Problem to solve: Find the line that holds "Prachtige kerstboom hanger" in the material below. Output that line and each one after it exactly, but not the pictures.

*** Opening Information provided ***

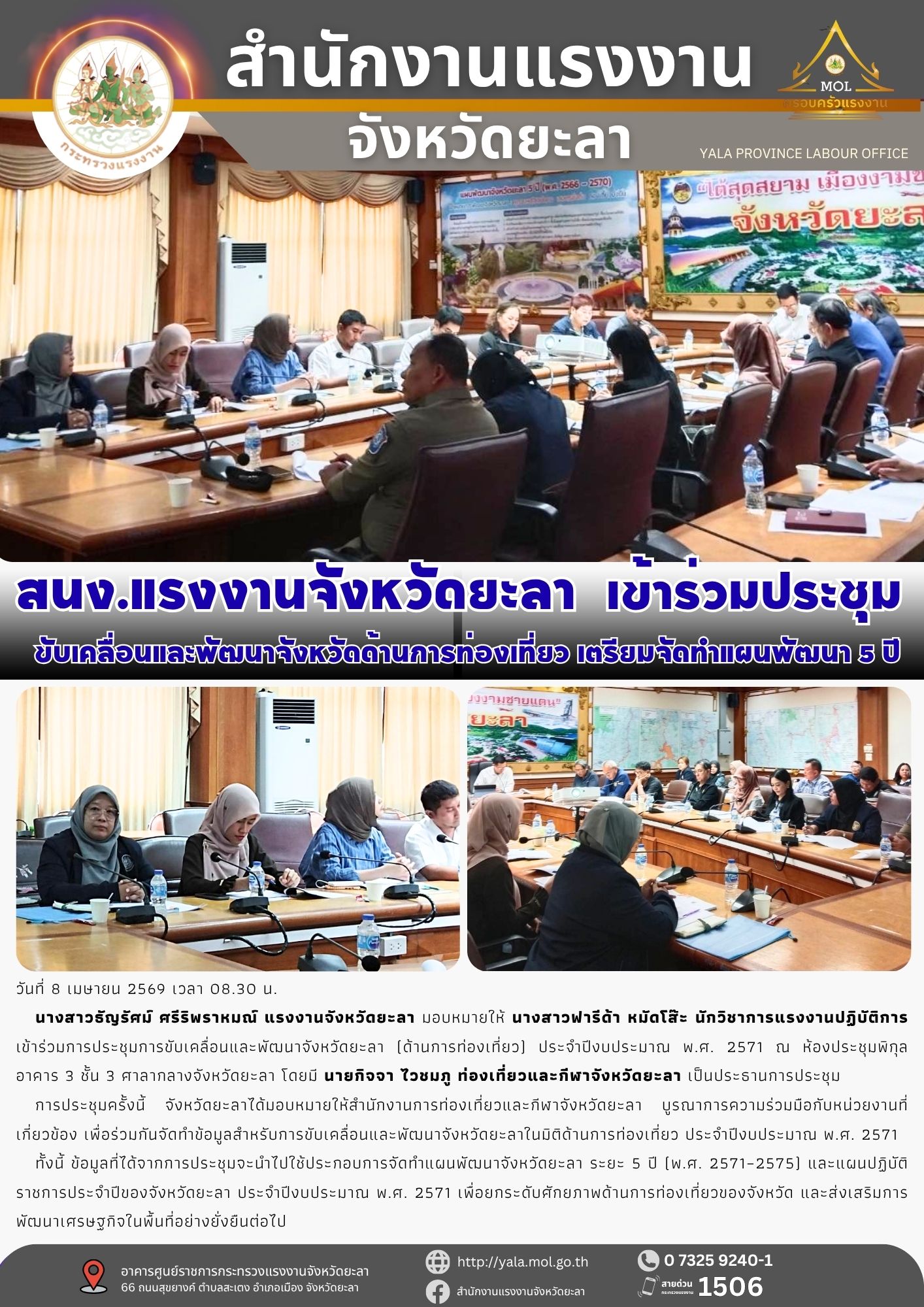 สนง. แรงงานจังหวัดยะลา เข้าร่วมประชุมขับเคลื่อนและพัฒนาจังหวัดด้านการท่องเที่ยว เตรียมจัดทำแผนพัฒนา 5 ปี
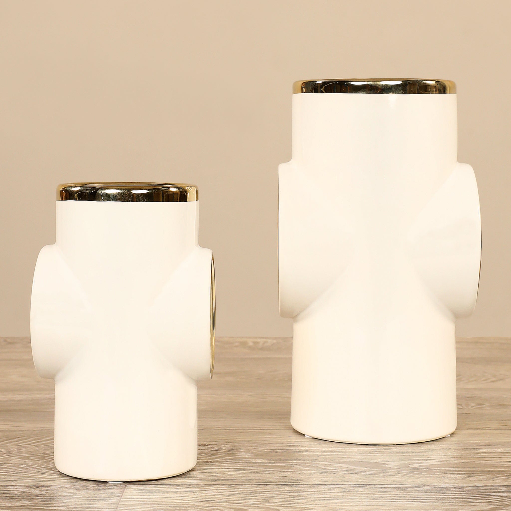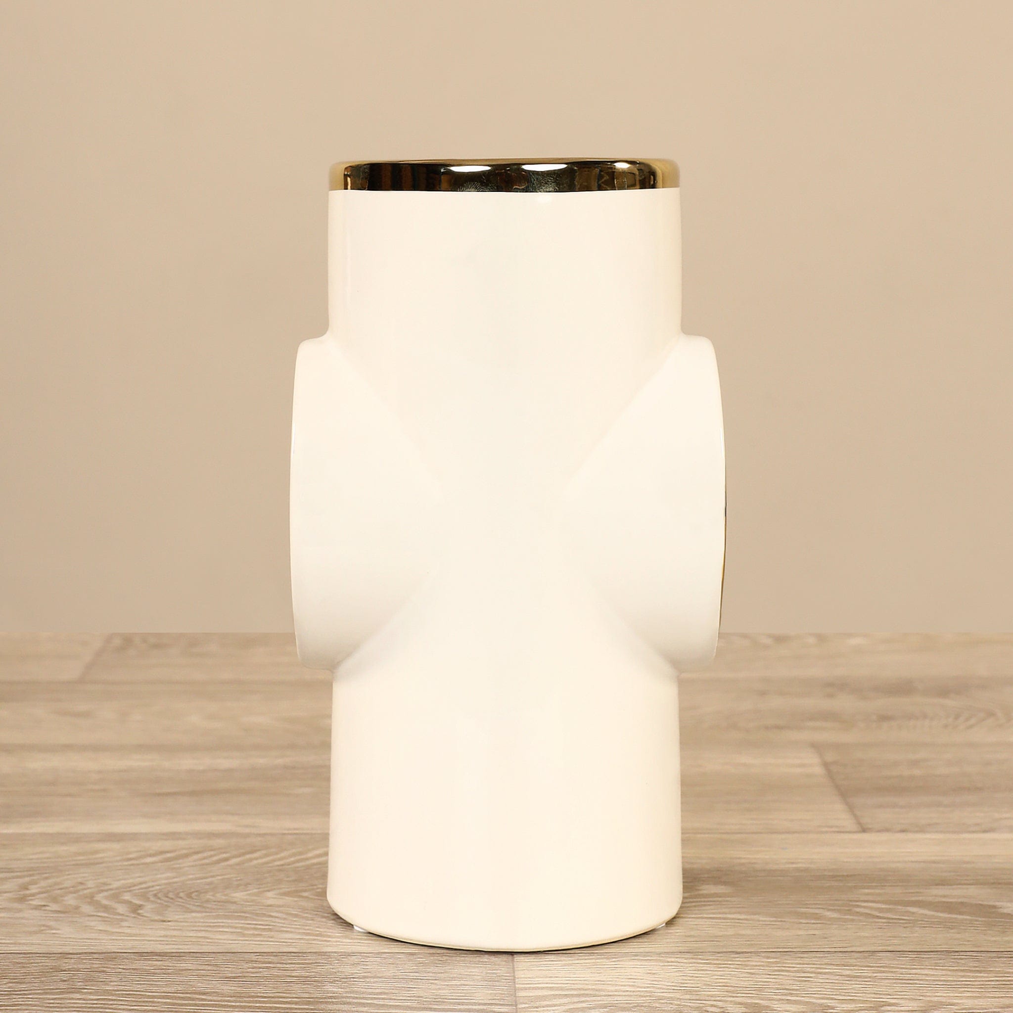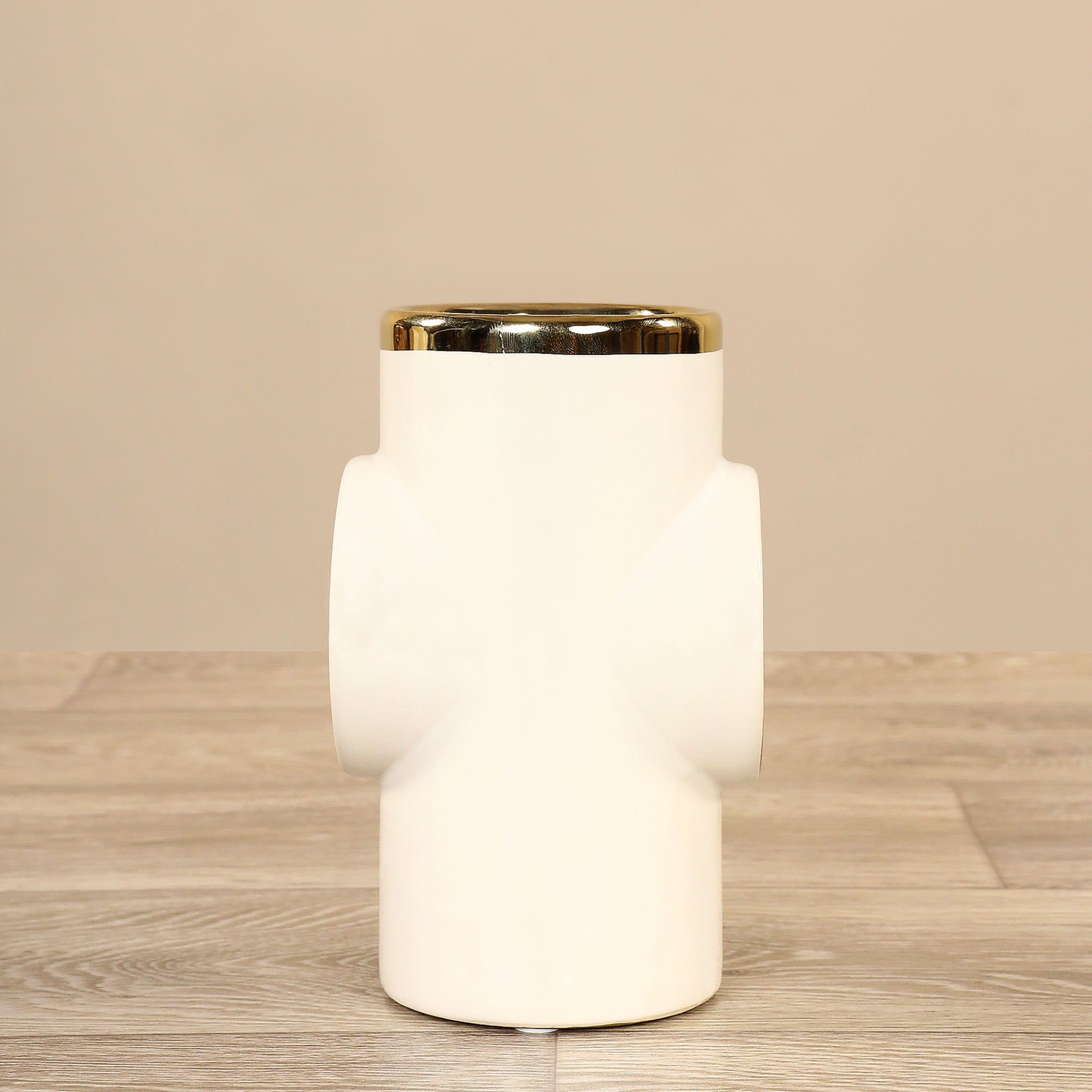 مزهرية أنيقة بتصميم أبيض مع تفاصيل باللون الذهبي، مصنوعة من السيراميك عالي الجودة. قطعة ديكور مثالية لإضفاء لمسة فاخرة على منزلك أو مكتبك.
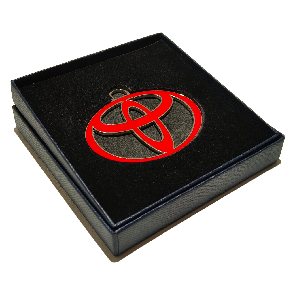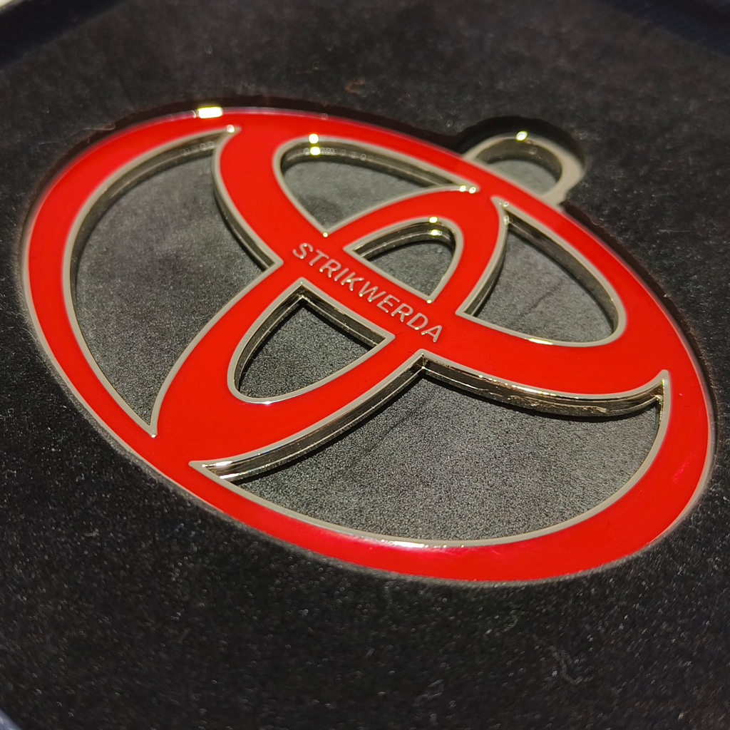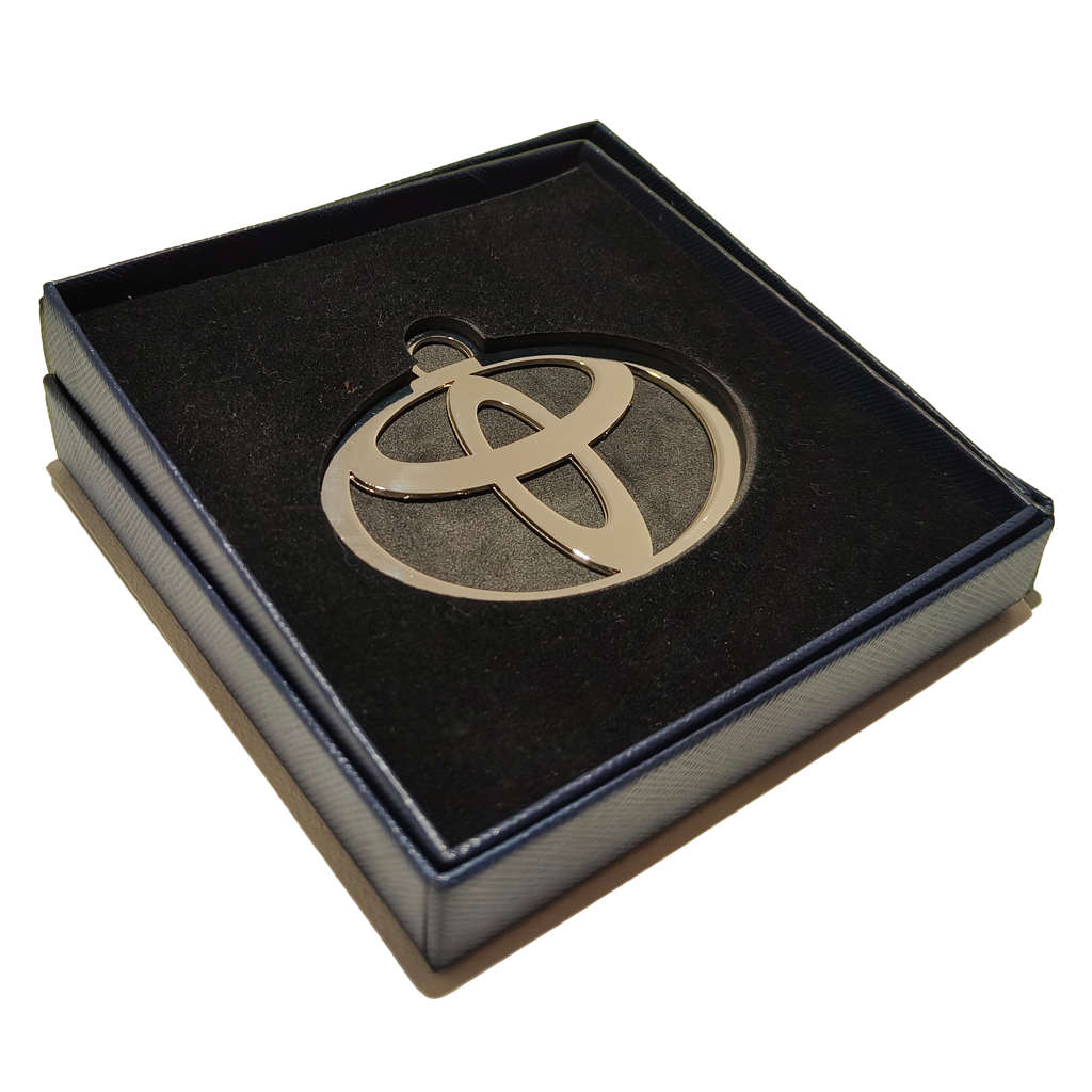 Prachtige kerstboom hanger in de vorm van het Toyota logo, aan één zijde voorzien van "Strikwerda" opdruk. Wordt geleverd in luxe geschenkverpakking. Leverbaar in twee kleuren, volledig zilver of zilver met rode inleg.
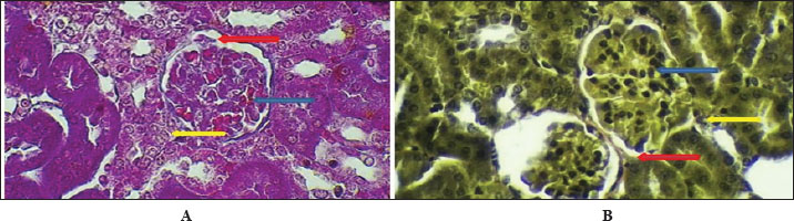 Fig. 9. Cross-histological section of the renal cortex in hamsters aged 3 weeks. Renal corpuscle (yellow arrow), junction of glomeruli capsule with proximal tubule (red arrow), and renal vein (blue arrow). A- 40x H&E stain, B- 40x. Masson’s trichrome stain.

*** Closing Information provided ***

Result of this task:
 Prachtige kerstboom hanger in de vorm van het Toyota logo, aan één zijde voorzien van "Strikwerda" opdruk. Wordt geleverd in luxe geschenkverpakking. Leverbaar in twee kleuren, volledig zilver of zilver met rode inleg.
 Fig. 9. Cross-histological section of the renal cortex in hamsters aged 3 weeks. Renal corpuscle (yellow arrow), junction of glomeruli capsule with proximal tubule (red arrow), and renal vein (blue arrow). A- 40x H&E stain, B- 40x. Masson’s trichrome stain.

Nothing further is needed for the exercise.